5,Oceania,5,42.0,"0,025,917,000 – Australia","05,367,000 – Sydney"
6,Antarctica,~0,0.004,,"00,001,258 – McMurdo Station"


In [27]:
# we can also save the table in an excel format
continents_population.to_excel('continents_pop.xlsx',index = False)

## BeautifulSoup
Let's try a harder example using BeautifulSoup.
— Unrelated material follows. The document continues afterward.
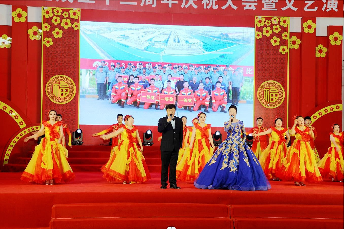 文艺演出坚持喜庆、节俭、务实的理念,,,,,所有作品均是由公司员工自编、自导、自演,,,,,反应了公司员工优异的精神风貌,,,,,泛起出企业协调昌盛的情形,,,,,较好地提升了宽大员工的凝聚力,,,,,集中展示了HJC黄金城官方网站铝业十三年来,,,,,从小到大、由弱到强的绚烂历程,,,,,体现了集团公司事业蒸蒸日上、欣欣向荣的优美情形。。。。。 。。。
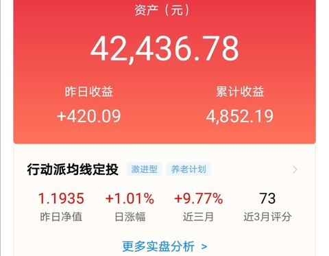 接着看行动派均线定投实盘组合情况,昨日组合净值是1.1935,昨日涨幅为+1.01%,再创新高,意味着之前任何时刻跟投的小伙伴都是赚钱的。

BeautifulSoup gives us more control on how we extract our data than pandas.read_html

In [28]:
url_2 = 'https://www.scrapethissite.com/pages/forms/'
# getting the HTML
html = requests.get(url_2).text

In [29]:
soup = BeautifulSoup(html,'html.parser')

In [30]:
#finding a table
table = soup.find('table',{'class':'table'})
table

<table class="table">
<tr>
<th>
                            Team Name
                        </th>
<th>
                            Year
                        </th>
<th>
                            Wins
                        </th>
<th>
                            Losses
                        </th>
<th>
                            OT Losses
                        </th>
<th>
                            Win %
                        </th>
<th>
                            Goals For (GF)
                        </th>
<th>
                            Goals Against (GA)
                        </th>
<th>
                            + / -
                        </th>
</tr>
<tr class="team">
<td class="name">
                            Boston Bruins
                        </td>
<td class="year">
                            1990
                        </td>
<td class="wins">
                            44
                        </td>
<td class="losses">
                            2

In [31]:
# finding all rows in the data
rows = table.find_all('tr')

hockey_data = []

#finding all the columns and cleaning the data of these html tags
for row in rows:
  cols = row.find_all(['td','th'])
  data = [col.text.strip() for col in cols]
  hockey_data.append(data)

In [32]:
# converting the data into a dataframe
hockey_df = pd.DataFrame(data = hockey_data[1:],columns = hockey_data[0])

In [33]:
#Results!
hockey_df

Unnamed: 0,Team Name,Year,Wins,Losses,OT Losses,Win %,Goals For (GF),Goals Against (GA),+ / -
0,Boston Bruins,1990,44,24,,0.55,299,264,35
1,Buffalo Sabres,1990,31,30,,0.388,292,278,14
2,Calgary Flames,1990,46,26,,0.575,344,263,81
3,Chicago Blackhawks,1990,49,23,,0.613,284,211,73
4,Detroit Red Wings,1990,34,38,,0.425,273,298,-25
5,Edmonton Oilers,1990,37,37,,0.463,272,272,0
6,Hartford Whalers,1990,31,38,,0.388,238,276,-38
7,Los Angeles Kings,1990,46,24,,0.575,340,254,86
8,Minnesota North Stars,1990,27,39,,0.338,256,266,-10
9,Montreal Canadiens,1990,39,30,,0.487,273,249,24


if you go to url_2 you will notice that the above table is incomplete as there are next buttons to view the remaining data. Luckily in this case the pagination is traditional as the next page links to a different url like this : "Next". If clicking "Next" loads new rows via JavaScript, then requests and BeautifulSoup won’t see them (they only get the raw HTML).(We'll look for an example to show this scenario later). For now lets go ahead and read the whole table data from the traditional pagination example we have.

In [34]:
base_url = "https://www.scrapethissite.com/pages/forms/?page_num={}"
all_data = []

# Loop through all pages
for page_num in range(1, 25):
    url = base_url.format(page_num)
    print(f"Fetching page {page_num}...")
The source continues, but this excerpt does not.